In this meta-analysis of 33 clinical trials including 1877 participants, resistance exercise training was associated with a significant reduction in depressive symptoms, with a moderate-sized mean effect. Total volume of resistance exercise training, health status, and strength improvements were not associated with the antidepressant effect; however, smaller reductions in depressive symptoms were derived from trials with blinded allocation and/or assessment.
The available empirical evidence supports resistance exercise training as an alternative and/or adjuvant therapy for depressive symptoms.
The physical benefits of resistance exercise training (RET) are well documented, but less is known regarding the association of RET with mental health outcomes. To date, no quantitative synthesis of the antidepressant effects of RET has been conducted.
To estimate the association of efficacy of RET with depressive symptoms and determine the extent to which logical, theoretical, and/or prior empirical variables are associated with depressive symptoms and whether the association of efficacy of RET with depressive symptoms accounts for variability in the overall effect size.
Articles published before August 2017, located using Google Scholar, MEDLINE, PsycINFO, PubMed, and Web of Science.
Randomized clinical trials included randomization to RET (n = 947) or a nonactive control condition (n = 930).
Data Extraction and Synthesis
Hedges d effect sizes were computed and random-effects models were used for all analyses. Meta-regression was conducted to quantify the potential moderating influence of participant and trial characteristics.
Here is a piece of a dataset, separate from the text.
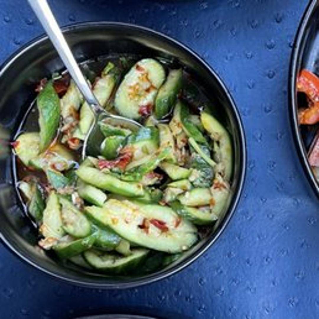 Crisp cucumber marinated in a spicy and tangy sauce with garlic and chili oil. A refreshing and flavorful appetizer.

Main Outcomes and Measures
Randomized clinical trials used validated measures of depressive symptoms assessed at baseline and midintervention and/or postintervention. Four primary moderators were selected a priori to provide focused research hypotheses about variation in effect size: total volume of prescribed RET, whether participants were healthy or physically or mentally ill, whether or not allocation and/or assessment were blinded, and whether or not the RET intervention resulted in a significant improvement in strength.
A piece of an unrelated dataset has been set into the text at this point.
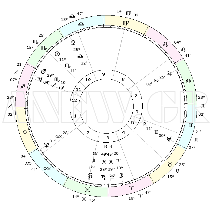 | | ΘΕΣΕΙΣ ΠΛΑΝΗΤΩΝ ΑΣΤΡΟΛΟΓΙΚΟΥ ΧΑΡΤΗ ΤΗΣ ΣΤΙΓΜΗΣ ΑΥΤΗΣ | | | | Πλανήτης | Ζώδιο | Μοίρες | Δεκαήμ. | Σε οίκο | Απόκλιση | | Ακμές των οίκων | | Ηλιος | Σκορπιός | 10°40' | Δεύτερο | 4 | 15 S 01 | | 1ος | 23°55' | Καρκίνος | | Σελήνη | Κριός | 02°41' | Πρώτο | 9 | 02 N 20 | | 2ος | 14°36' | Λέων | | Ερμής | Τοξότης | 03°56' | Πρώτο | 5 | 23 S 46 | | 3ος | 08°50' | Παρθένος | | Αφροδίτη | Ζυγός | 24°53' | Τρίτο | 4 | 08 S 17 | | 4ος | 09°03' | Ζυγός | | Αρης | Σκορπιός | 28°47' | Τρίτο | 5 | 20 S 17 | | 5ος | 15°08' | Σκορπιός | | Δίας | Καρκίνος | 25°01' | Τρίτο | 1 | 21 N 13 | | 6ος | 21°52' | Τοξότης | | Κρόνος | Ιχθείς | 25°51'R | Τρίτο | 9 | 03 S 55 | | 7ος | 23°55' | Αιγόκερως | | Ουρανός | Δίδυμοι | 00°12'R | Πρώτο | 11 | 19 N 59 | | 8ος | 14°36' | Υδροχόος | | Ποσειδώνας | Ιχθείς | 29°45'R | Τρίτο | 9 | 01 S 21 | | 9ος | 08°50' | Ιχθείς | | Πλούτωνας | Υδροχόος | 01°28' | Πρώτο | 7 | 23 S 30 | | 10ος | 09°03' | Κριός | | Β. Δεσμός | Ιχθείς | 15°18' | Δεύτερο | 9 | 05 S 47 | | 11ος | 15°08' | Ταύρος | | Ωροσκόπος | Καρκίνος | 23°55' | Τρίτο | | | 12ος | 21°52' | Δίδυμοι | | Μεσουράνημα | Κριός | 09°03' | Πρώτο | | | |

Fifty-four effects were derived from 33 randomized clinical trials involving 1877 participants. Resistance exercise training was associated with a significant reduction in depressive symptoms with a moderate-sized mean effect ∆ of 0.66 (95% CI, 0.48-0.83; z = 7.35; P < .001). Significant heterogeneity was indicated (total Q = 216.92, df = 53; P < .001; I2 = 76.0% [95% CI, 72.7%-79.0%]), and sampling error accounted for 32.9% of observed variance. The number needed to treat was 4. Total volume of prescribed RET, participant health status, and strength improvements were not significantly associated with the antidepressant effect of RET. However, smaller reductions in depressive symptoms were derived from randomized clinical trials with blinded allocation and/or assessment.
Conclusions and Relevance
Resistance exercise training significantly reduced depressive symptoms among adults regardless of health status, total prescribed volume of RET, or significant improvements in strength. Better-quality randomized clinical trials blinding both allocation and assessment and comparing RET with other empirically supported treatments for depressive symptoms are needed.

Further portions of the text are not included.